In 1983, Walker added a part-time job with Life Flight, an aviation service out of Baptist Medical Center in Jacksonville. “That introduced me to what’s now called critical care,” he says. “I learned a lot working with nurses and physicians in the hospital. It really helped my career.”
That career would feature not one but two moves to Marion County – an hour-and-a-half south of Jacksonville.
Keeping the ‘E’ in EMS
Walker says Marion County was like “the wild, wild West” when he started there in 1985. “Even though it was mostly rural, there was so much going on. It’s 1,600 square miles with a national forest and all kinds of trails – hiking, biking, horse and ATV. I kind of got into the world of technical rescue – extrication and things like that.”
Walker left Marion in 1993 to teach paramedicine in St. John’s County, then returned for good in ’98. Today, the 57-year-old father of three is a division chief for Marion County Fire Rescue.
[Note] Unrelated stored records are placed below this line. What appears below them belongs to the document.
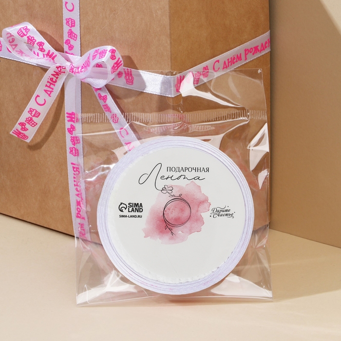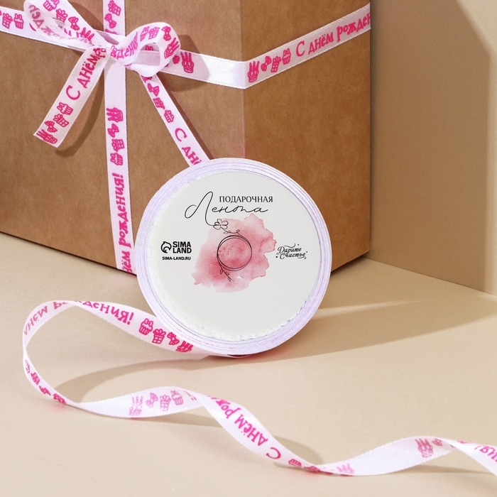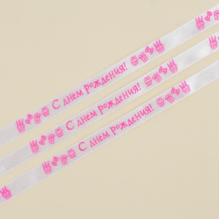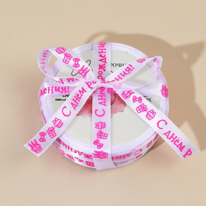 Лента атласная, подарочная упаковка, «С днем рождения!», белая, 1 см х 5 м
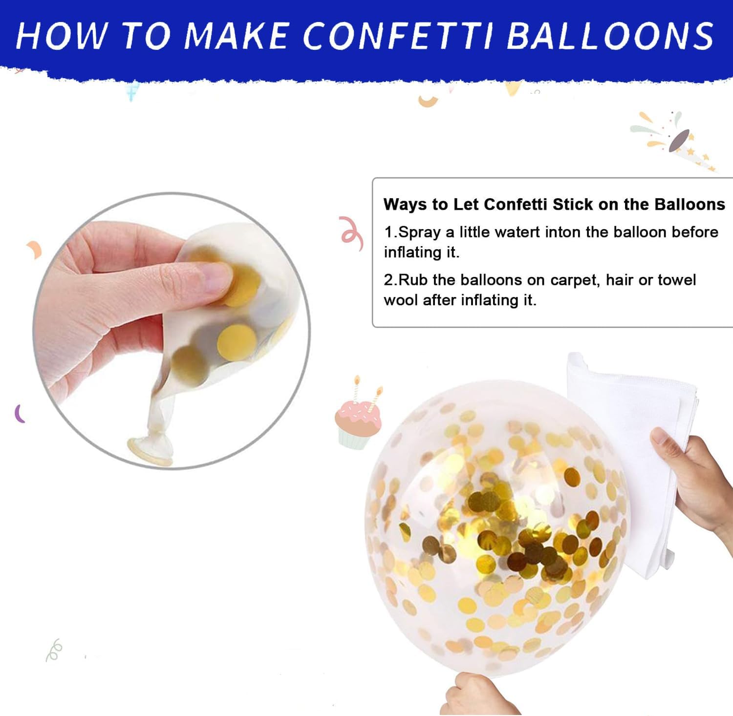 • 【Tips For Confetti Balloons】Please use a dry towel, carpet or hair to gently wipe the balloon to obtain static electricity, and then slowly shake the balloon to make the confetti stick to the side of the balloon. After the party, you can pierce the balloon and make the confetti fall, adding a lot of fun to the party!
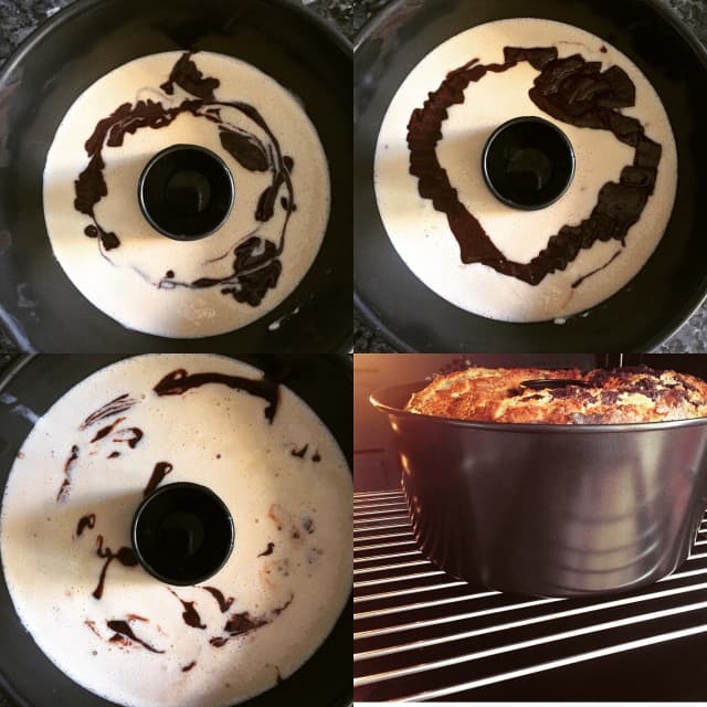 - Kek harcı fazla olduğundan kek kalıbınız büyük olmalı. Kalıbınızı katı yağ ile yağlayıp önce sade hamurdan sonra kakaolu hamurdan olacak şekilde sırayla dökün. Kabarcıkların sönmesi için tezgaha birkaç kez vurun.
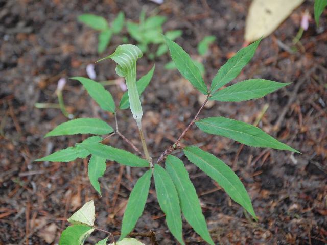 細葉天南星(ホソバテンナンショウ) 春の花 2011年05月12日 細葉天南星(ホソバテンナンショウ)は、サトイモ科テンナンショウ属の多年草である。日本固有種である。本州の関東地方から近畿地方にかけて太平洋側に分布し、山地の林の中に生える。箱根や富士山でよく見られるという。草丈は40~80センチくらいである。葉は2枚が互い違いに生える(互生)。葉は10~20枚くらいに深く裂ける。裂片の形は線状披針形で細長い。それが和名の由来でもある。開花時期は4~6月くらいである。仏炎苞(サトイモ科の肉穂花序に見られる花序を被う大形の苞)は緑色で、白いストライブが入る。付属体がこん棒状ではなく、先が細いのが特徴である。花の後にできる実は液果(果皮が肉質で液汁が多い実)の集合果である。属名の Arisaema はギリシャ語の「aris(植物名の1つ)+haima(血)」からきている。血のような斑点が葉にある植物といった意味合いになる。種小名の angustatum は「狭くなった」という意味である。写真は5月に東京都薬用植物園で撮った。学名:Arisaema angustatum★細い葉と緑の苞が違うんだ いろいろあるね天南星も今日の花ドットコム花図鑑
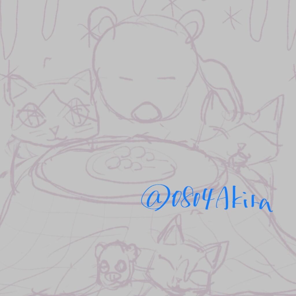 Since it’s the cold season, I wanted to draw everyone warming up together in a kotatsu, so I tucked them all inside.
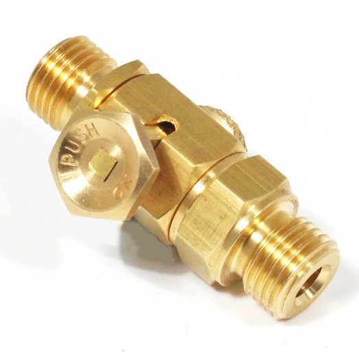 Hexagonal push on/off in line tap with 1/4“ BSP male threads. 1/4" BSP thread tank side, 1/4" BSP outlet thread with 60 degree cone seat for solder nut and nipple type fittings. Overall dimensions 50mm long (including threads) and 16mm diameter. This tap is supplied bare, please order fittings as required separately. A solder type nut and nipple can only be fitted to the outlet end. The 1/4" BSP thread under the hexagon has a seating flange, so can be screwed into a tank.

He’s particularly proud of a call his department handled two years ago.
“We have this park in a remote location with a freshwater lake. During a group outing, a woman was walking through the water and felt something brush her leg. She reached down and pulled out a four-year-old boy.
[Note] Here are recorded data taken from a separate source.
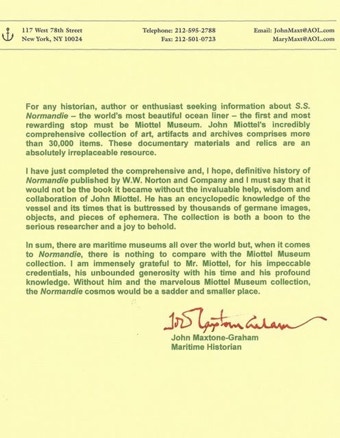 “NORMANDIE” - original, DVD production: history of SS NORMANDIE and relationship with Miottel Museum collection.
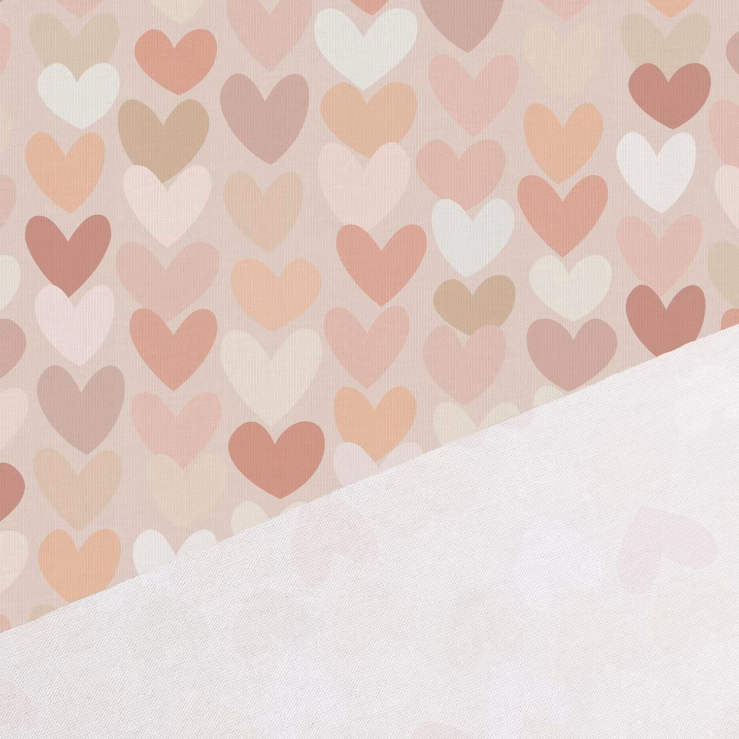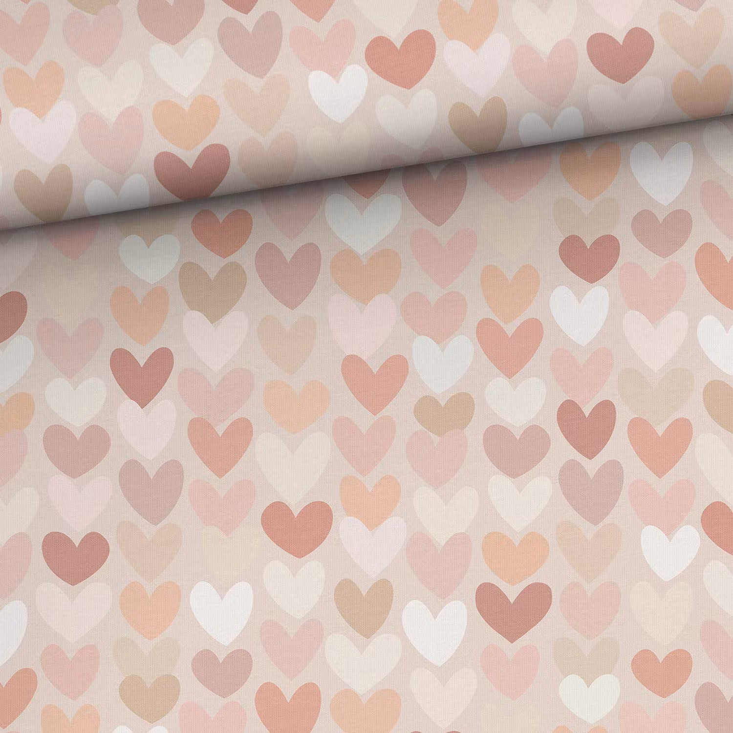 Upptäck vårt mjuka och stretchiga jerseytyg med tryck av hjärtan i ljusa nyanser - perfekt för bekväma klänningar, leggings, toppar, tunikor och pyjamasar.
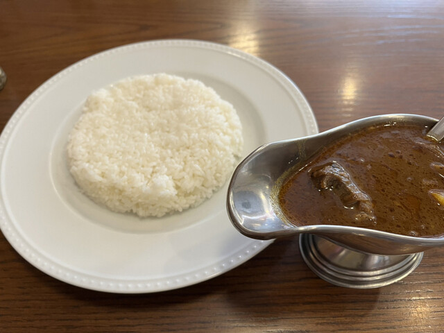 店の看板メニューを中辛で。サラリとした、でもじっくり煮込んでありそうなルーに大ぶりの角切り肉とじゃがいも。角切り肉はホロホロに柔らかく美味しい!!
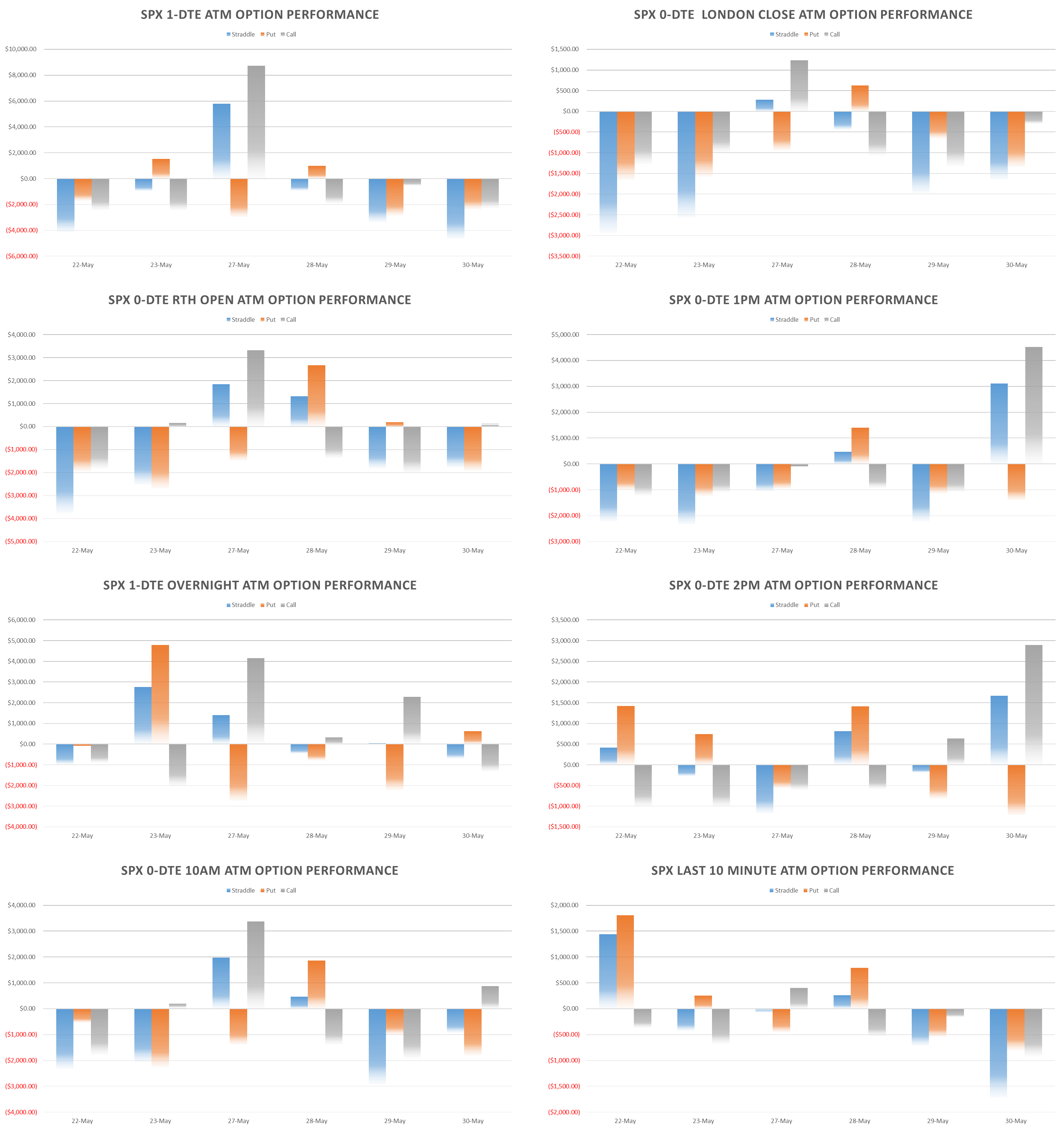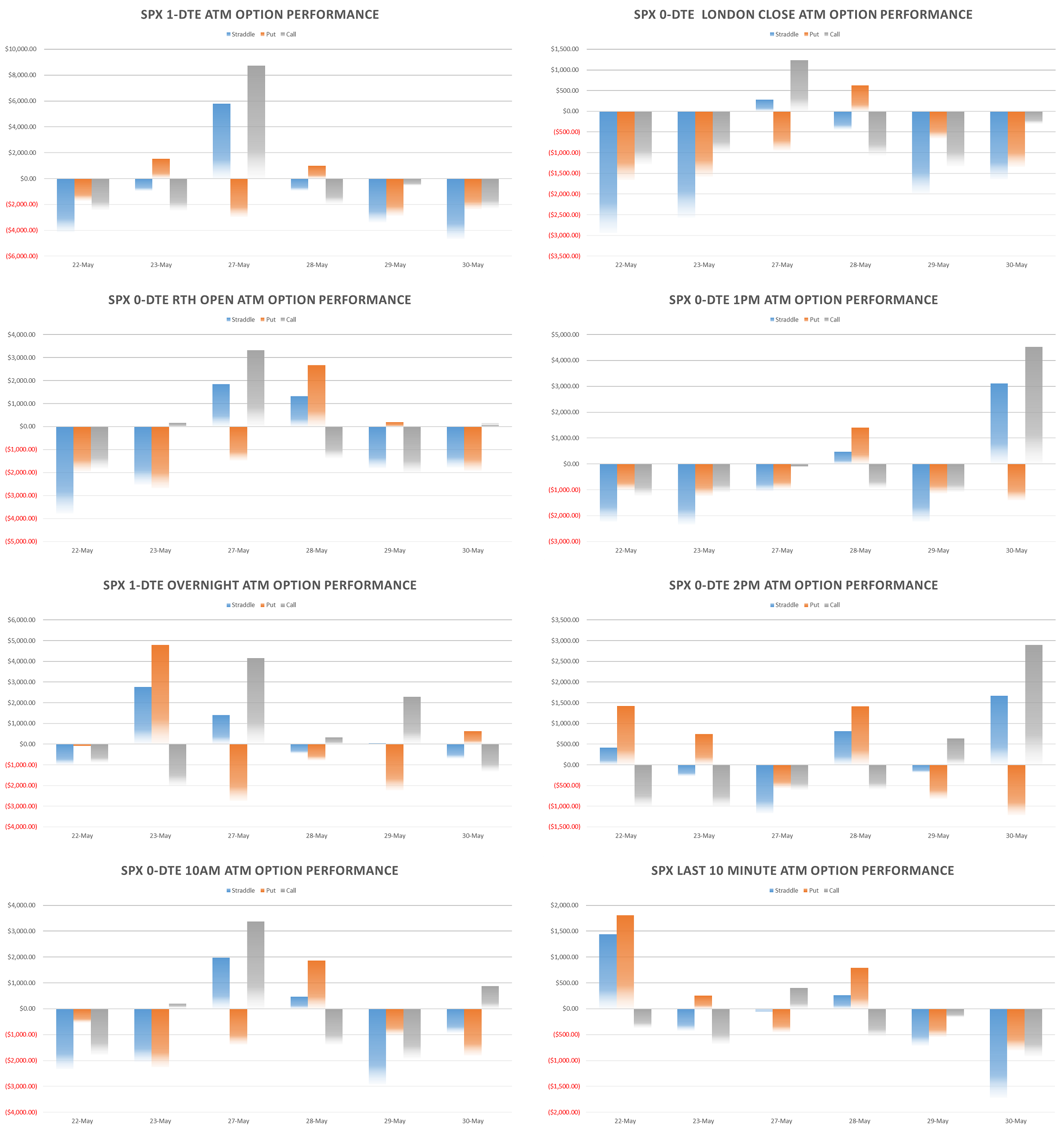 SPX 1(0)-DTE Straddles showing clear patterns of positive overnight performance for long straddle positions & . SPX Straddles opened at US RTH session open down ~67 pts over the past 6 trading days, overnight straddles up 20pts. Biggest losers are straddles opened at London Close (11:30am), down 93pts over 6 trading days.

“Somebody called 9-1-1 while a couple of bystanders started CPR. We got there in 14 minutes and found the child breathing but unresponsive. He was transported by helicopter to what would now be called a trauma center.
“By day three of his stay, they weren’t giving him much hope and were talking about turning off machines. Then he suddenly made a huge improvement. He was discharged to a rehab center two weeks later with only a minor speech deficit.”
Walker praises bystanders for starting CPR and activating EMS for that near drowning, but also believes the public needs a better understanding of what 9-1-1 isn’t.
“Some folks think we’re the answer to everything. We’re not. Responding to a routine headache, for example, just ties up units unnecessarily. I think it’s up to us to get out into the community and clarify our mission.
“In the end, whether we’re working interfacility or 9-1-1, we’re here to help people when they need us.”
Makes as much sense as it would have 40 years ago.